The Future of Life Institute on Wednesday gave its annual award to two doctors who were the key figures behind the eradication of smallpox.
Why it matters: Smallpox was one of the deadliest diseases the world has ever known, killing an estimated 500 million people in the 20th century alone. The hard-fought campaign to eliminate it not only saved what Future of Life estimates is 200 million people, but also "showed the world that diseases can be defeated," as Bill Gates put it.
What's happening: Each year the Future of Life Institute, a nonprofit research center in Boston that focuses on existential risk, recognizes unsung individuals who helped avert global catastrophe.
- This year's winners, announced at an online ceremony, are Viktor Zhdanov and Bill Foege.
- Zhdanov served as the Soviet Union's deputy minister of health and pushed the WHO in 1958 to take up the campaign to eradicate smallpox.
- While serving as the chief of the CDC's Smallpox Eradication Program, Foege developed the surveillance and ring vaccination strategy that ultimately enabled the world to finally achieve eradication 41 years ago today.
What they're saying: "The eradication of smallpox is one achievement that we all look to," said Jennifer Doudna, one of the creators of CRISPR and a 2020 Nobel Prize winner, at the ceremony. "It couldn't be more relevant as we find ourselves in the middle of a global pandemic."
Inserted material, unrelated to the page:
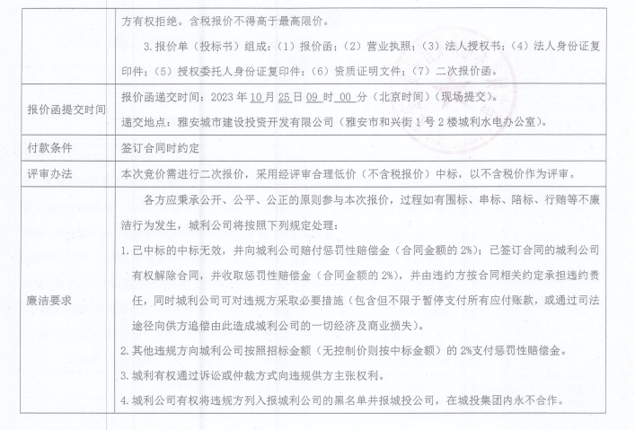 雅安城利水電公司35KV禁飛線雙回全線巡查工程(第二次)競價公告

Flashback: The first two winners of the Future of Life award are more obscure than Zhdanov and Foege, but arguably even more consequential.
- 2017 winner Vasili Arkhipov, a Soviet naval officer, likely prevented global atomic war when he convinced his submarine captain not to fire a nuclear weapon during the heat of the Cuban Missile Crisis.
- 2018 winner Stanislav Petrov was a Soviet air defense officer who in 1983 ignored an early-warning detection system that mistakenly indicated that the U.S. had launched nuclear missiles at the Soviet Union, preventing Moscow from firing back.
The bottom line: Many of us are only alive today because of the heroic efforts of people like Zhdanov and Foege.